Speed Isn't Everything Instead of promoting ATM's speed, most of its resellers focus on its flexibility, reliability and management capabilities. ATM has several distinct strengths, including quality of service (QOS) and support for switched virtual circuits.
ATM's QoS, for example, enables customers to prioritize traffic down to the end user. At a university, for instance, a doctor viewing imaged medical records can receive a higher network priority than a student's e-mail transmissions. And, because ATM offers strong management capabilities, it can oversee non-ATM links in conjunction with QoS.
Of course, Ethernet does have an RSVP protocol for QoS, but that's no match for ATM's offering, says Forest Preston, product line manager for network adapter cards at the computer systems division of Sun Microsystems. "RSVP is dropping from favor, as people realize that it's at best only an approximation to guaranteed QoS, which ATM offers," Preston says.

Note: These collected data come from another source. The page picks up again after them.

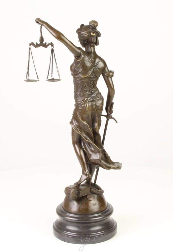 Mooi bronzen beeld van vrouw Justitia. Het beeld is met de hand gemaakt en zeer gedetailleerd uitgevoerd.
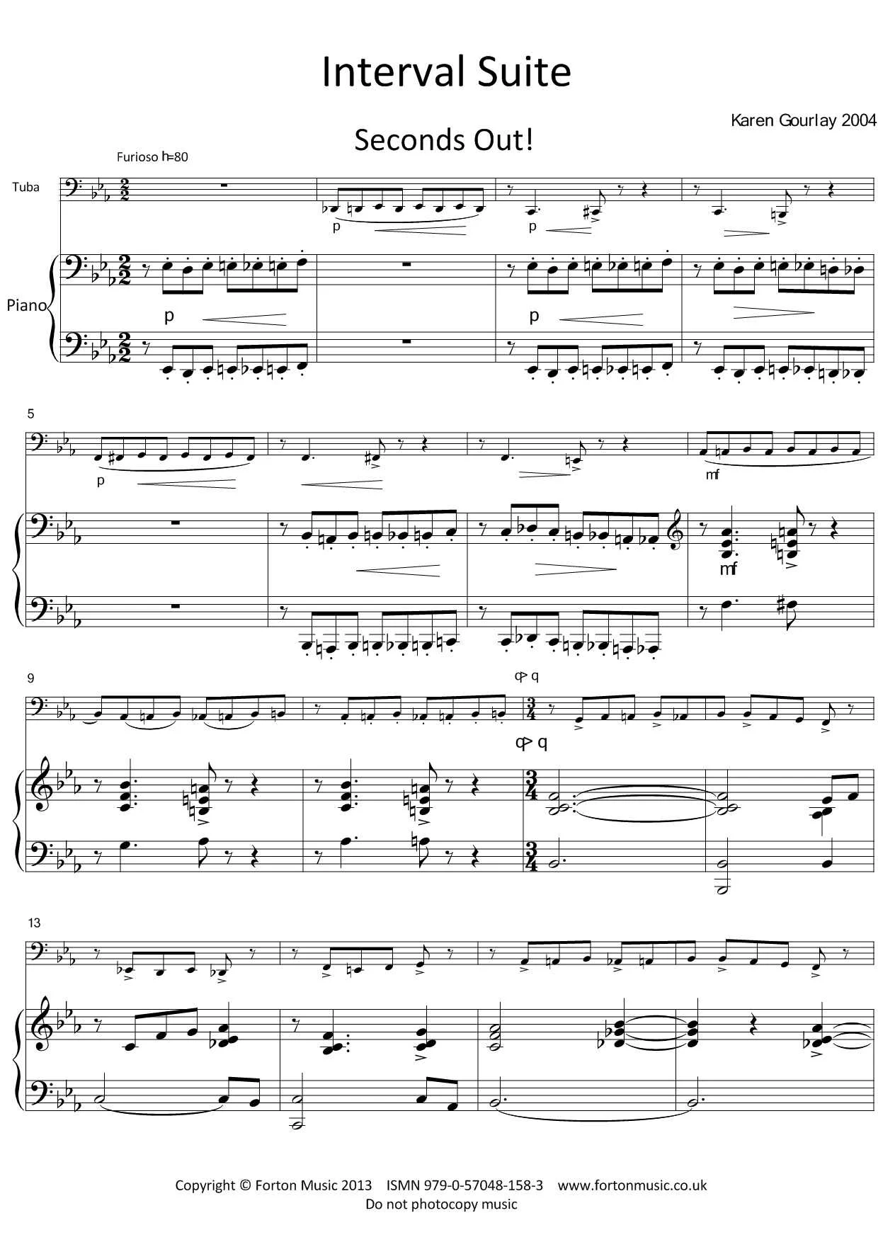 A suite of pieces for solo tuba and piano, each movement based on a different interval. Imaginative titles (Seconds Out!, Two Thirds, Forth Bridge, Flat 5, Six Of One…, Seventh Day and Pieces Of Eight) add to the charm and appeal of this piece, and each movement is superbly crafted with an individual character and feeling exploring a different aspect of the tuba’s personality. Aimed at players of about grade 5 standard and upwards.
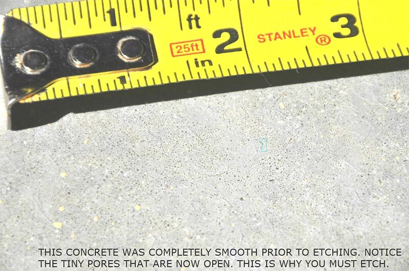 Next, proper prep is critical. We show you how to prep your floor properly and what it should look like prior to applying an epoxy coating. This is what your floor should look like when it's ready for coating. Those tiny pores are open from acid etching and or grinding. Once our epoxy or primer gets into those pores, it's impossible to separate the epoxy from the concrete.
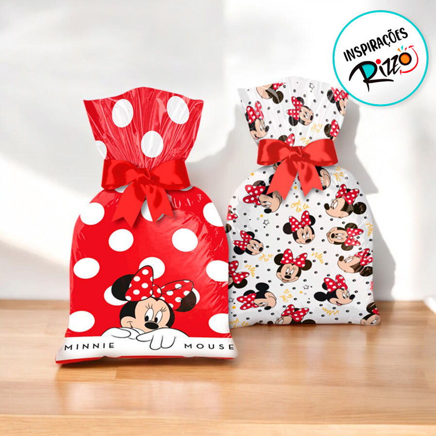 Sacola plástica temática da minnie mouse. Não acompanha acessórios para fechamentos, como fitas e fechos.
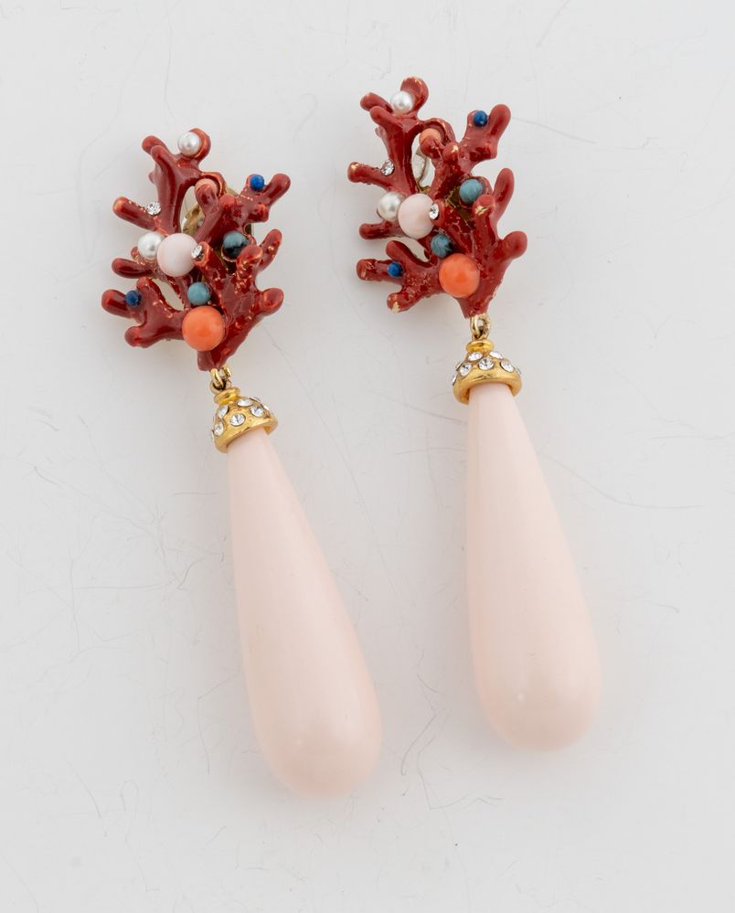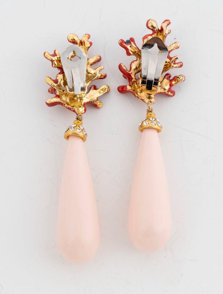 CARLO ZINI Orecchini pendenti a clip in metallo dorato, smaltato e decorato di pietre sintetiche a forma di corallo. Cm 9 cadauno. Al retro recano marchio Zini. (Lievi difetti)
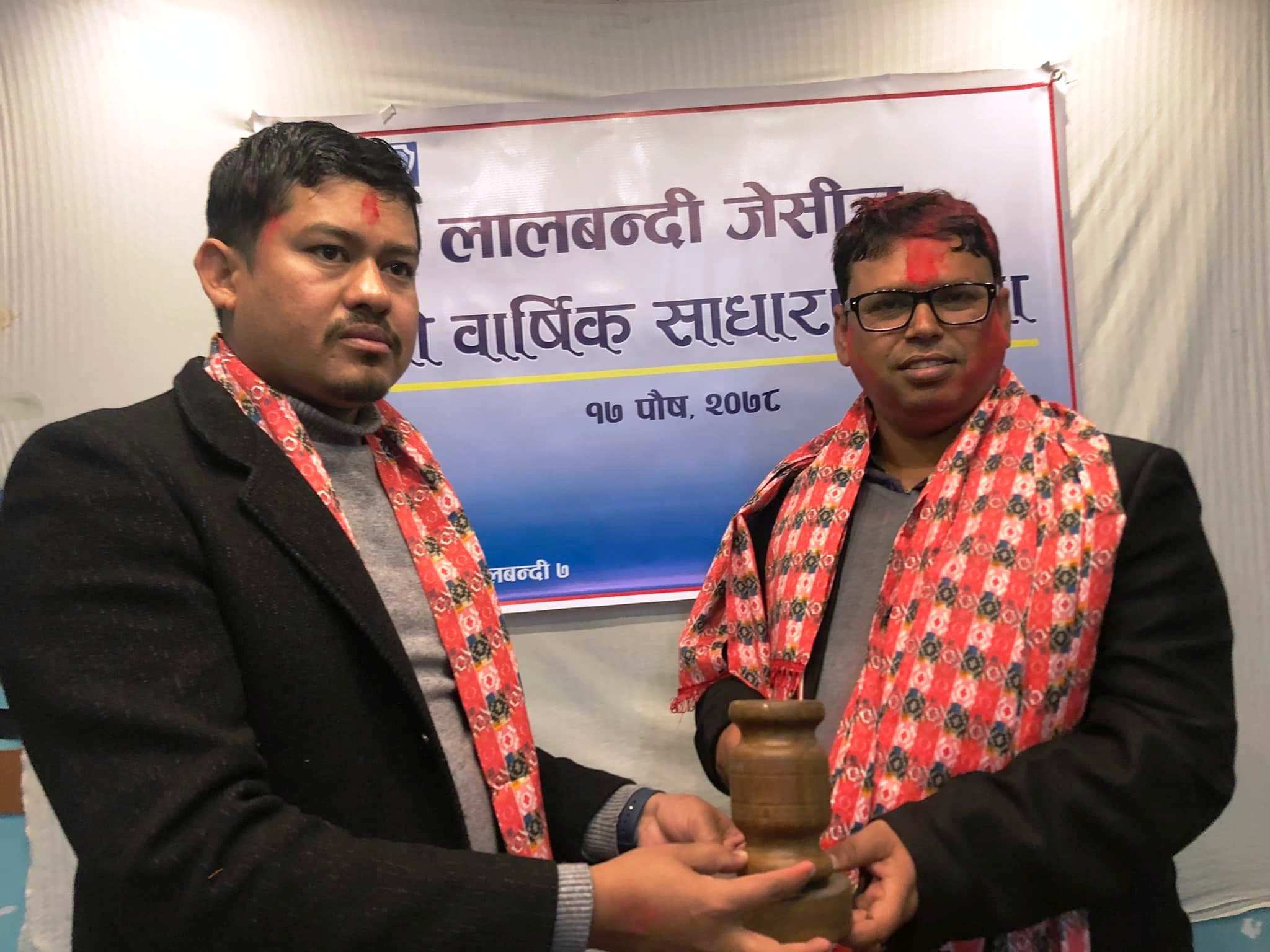 त्यस्तै जेसिज लालबन्दी शाखाको कार्यकारीणी उपाध्यक्षमा कोमल प्रसाद गौतम र राजकुमार सिह, उपाध्यक्षहरुमा कुल प्रसाद गौतम, उपेन्द्र महतो, सुमन थापा र सुनिता खरेल थपलिया निर्वाचित भएका शाखाका जेसिज बर्ष २०२१ का अध्यक्ष श्याम खड्काले जानकारि दिनुभयो ।
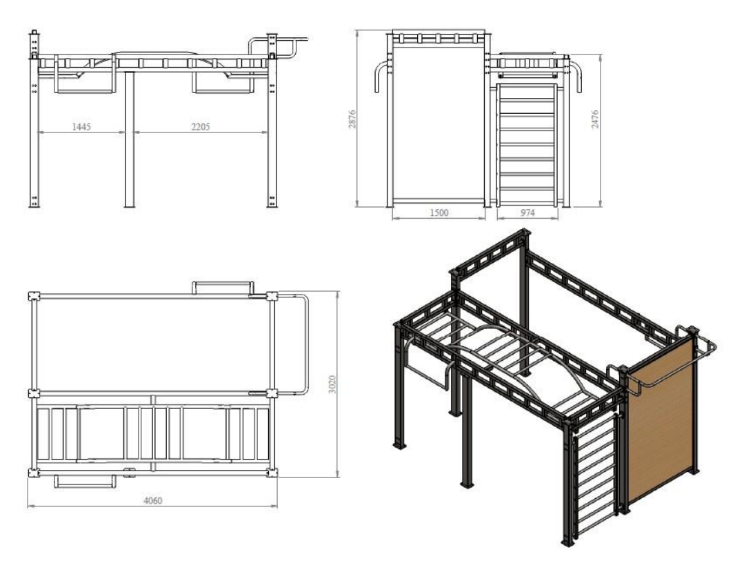 Уличный атлетический комплекс №3, 4100*3100*2900 мм.
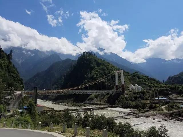 通麦大桥是川藏公路318国道的咽喉工程,是一座临时保通性工程。全长258米,主跨为210米,高31.5米。我们影子领队好像很喜欢它给它各个角度都拍了照片。那就让我们好好欣赏一下它的大作吧。
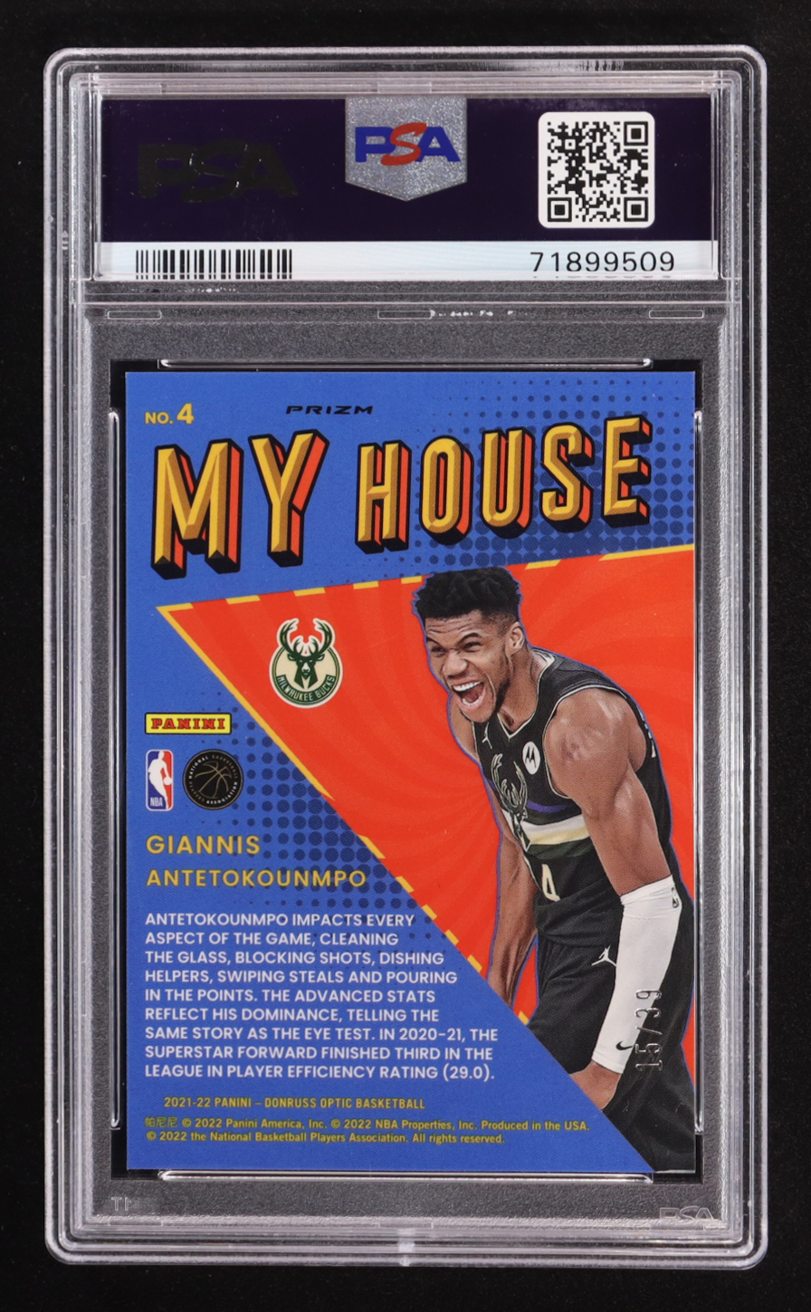 Giannis Antetokounmpo 2021-22 Donruss Optic My House Orange #4 #15/39 (PSA 9)
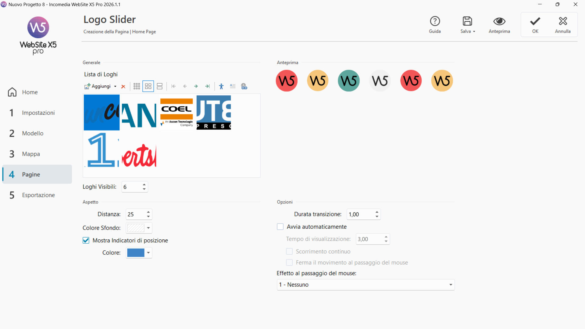 1) Inserisco un oggetto Logo Slider in un progetto vuoto, inserisco 5 icone di loghi qualsiasi e setto le impostazioni in questo modo:
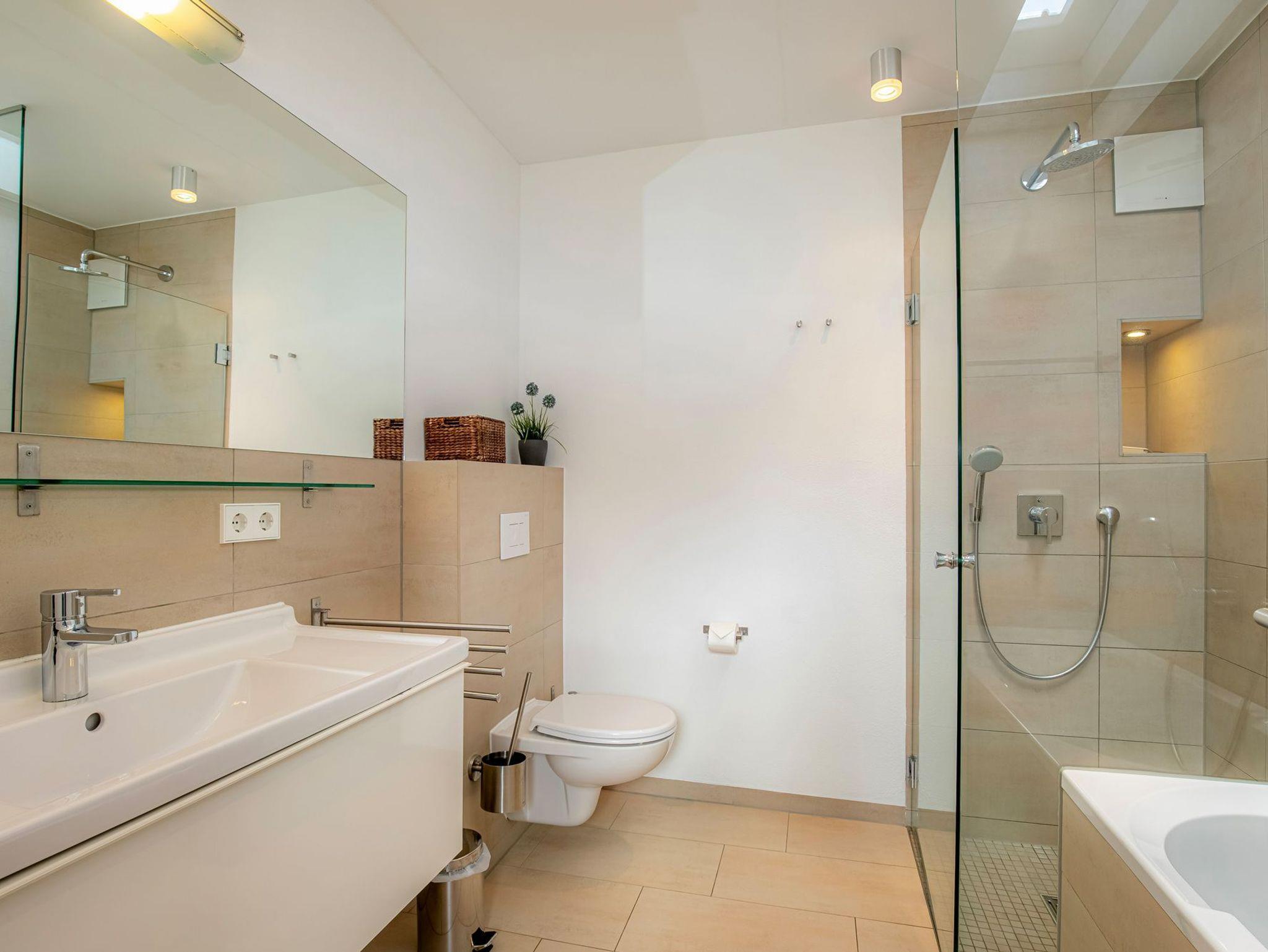Ihr Urlaubsdomizil ist bauhaustypisch klar und modern eingerichtet. Alle Räume sind geschmackvoll und unaufdringlich dekoriert. Die Wände sind hell und in einer harmonischen Abstimmung zum funktionalen Mobiliar gestaltet. Der Bodenbelag besteht durchgängig aus Eichendielen weiß geölt und großen Steinfliesen. Die flächendecken ausgebrachte Fußbodenheizung sorgt im ganzen Haus für angenehme Wärme. Selbstverständlich verfügt Ihr Haus über kostenfreies W-LAN, und auch die übrige technische Ausstattung lässt keine Wünsche offen. Sie sehen, in Ihrem Urlaub in der Meeresperle wird es Ihnen an nichts fehlen. Wir wünschen Ihnen schon jetzt eine recht angenehme Zeit!

Flexibility ATM is also a good option for customers who crave more bandwidth management. If an application suddenly requires more bandwidth, it sends in a request to the ATM network, which responds accordingly.
This bandwidth-on-demand feature is enabled by ATM's architecture. Unlike TCP/IP, which is based on packets, ATM technology is based on small, constant-sized cells that enable traffic to be switched very quickly so fast that you can statistically multiplex isochronous data together with computer network traffic. That statistical multiplexing provides for bandwidth-on-demand.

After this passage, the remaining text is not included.